Using Func<T, bool> for criteria obviously covers only the Where clause/method, not the Select.

The idea I came up with so far is that I can include another delegate in my specification which (no pun intended) specifically covers the Select operation. The implementation could look like the following. As you can observe at the bottom, the Repository simply executes both Where and Select, passing in the delegate members of the specification.

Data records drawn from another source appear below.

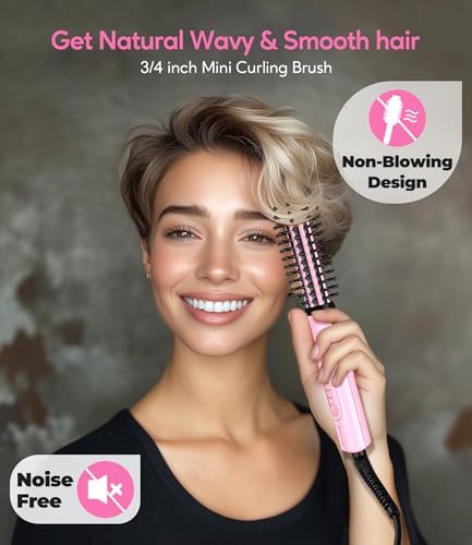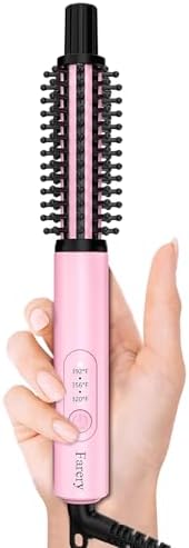 FARERY Mini Thermal Brush 3 Temperature Adjustable, 3/4 Inch Travel Curling Iron for Short Hair, Heated Round Brush for Touch ups and Small Curls, Travel Size Curling Wand, Dual Voltage, Pink
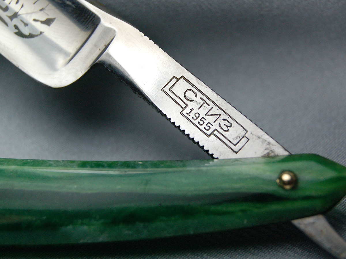 Полировал месяца 3 назад такую, только ручка плоская из коричневого "полового" пластика. создалось впечатление, что трофейную бритву заклеймили Стизом,..металл не советский будто,...может не только технологии вывозились из германии - но и вагончик другой заготовочек..?
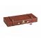 Les renforts d’angles en cuir ou en laiton (sur demande) lui assurent une parfaite tenue dans le temps, et un rangement pour accessoires est également prévu.
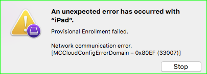 Apple Configurator 2 was showing following error message: Provisional Enrollment failed. Network Communication error MCCloudConfigErrorDomain – 0x80EF (33007), The Error screenshot is shown below.
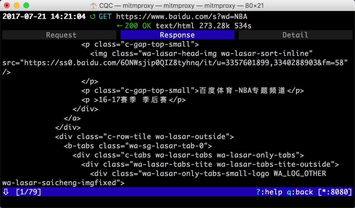 最上方是一个 Request、Response、Detail 的列表,当前处在 Request 这个选项上。这时我们再点击 TAB 键,即可查看这个请求对应的响应详情,如图 11-18 所示。
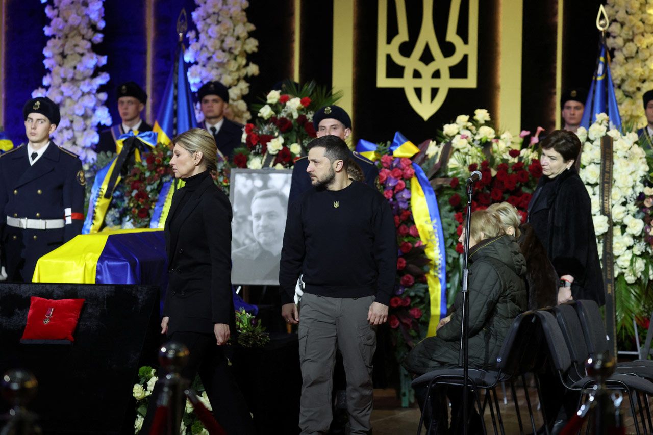 На церемонию прощания с министром внутренних дел Украины Денисом Монастырским и другими сотрудниками МВД, погибшими при крушении вертолета в Броварах, пришли Владимир и Елена Зеленские, а также глава офиса президента Украины Андрей Ермак.
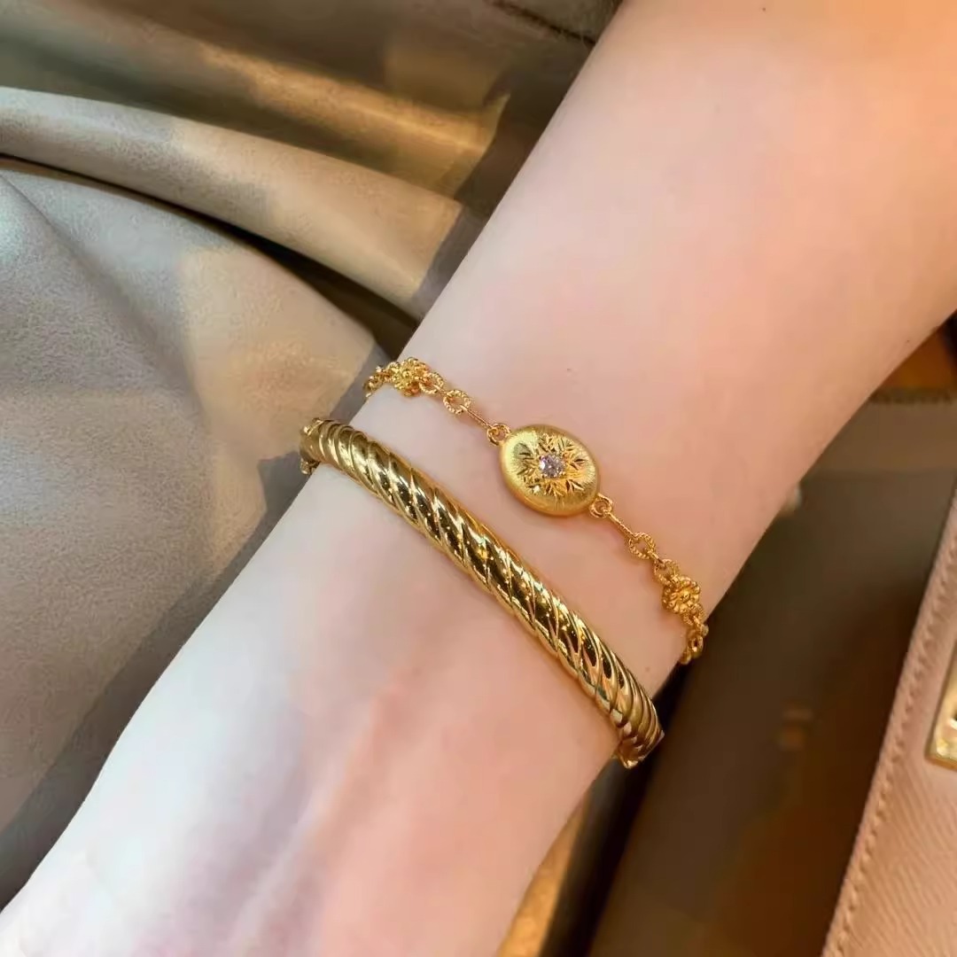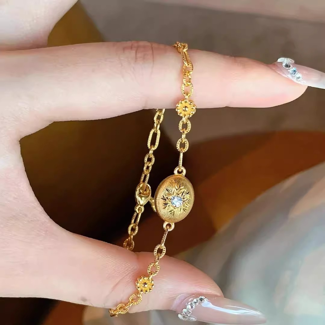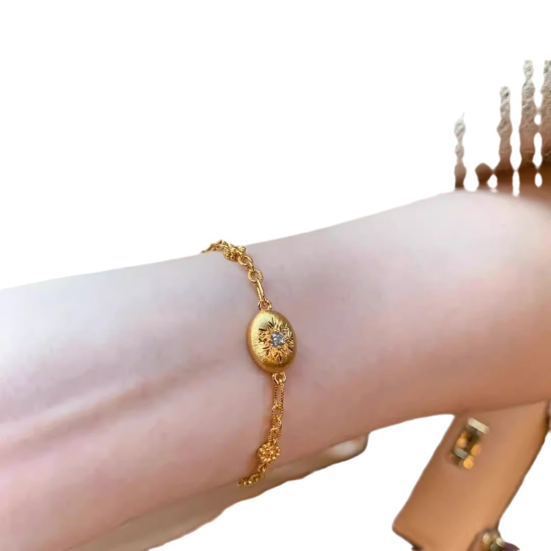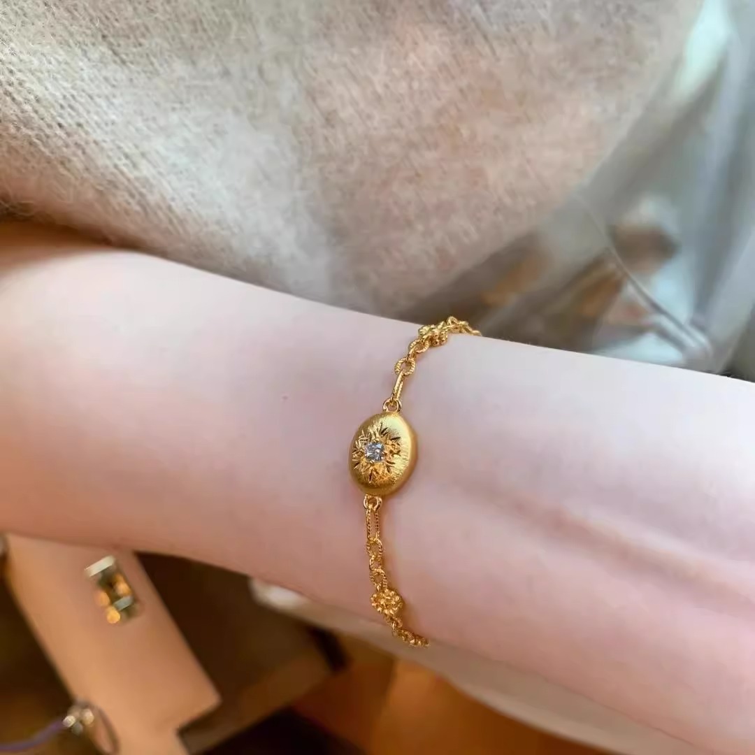 新款小众设计拉丝复古雕花中古风金色手串重工轻奢风气质女式手链

This solution would seem to work fine, but I found out in numerous occasions that there were existing, better solutions to the problem I was solving, so it seemed reasonable to ask.

(The reason why I'm planning to go with the Specification pattern is that my app will probably need to show a lot of results in various shapes from in-memory collections of complex objects, and it would be neat to keep the querying stuff at a single, easy to find/manage place. But feel free to suggest something completely different.)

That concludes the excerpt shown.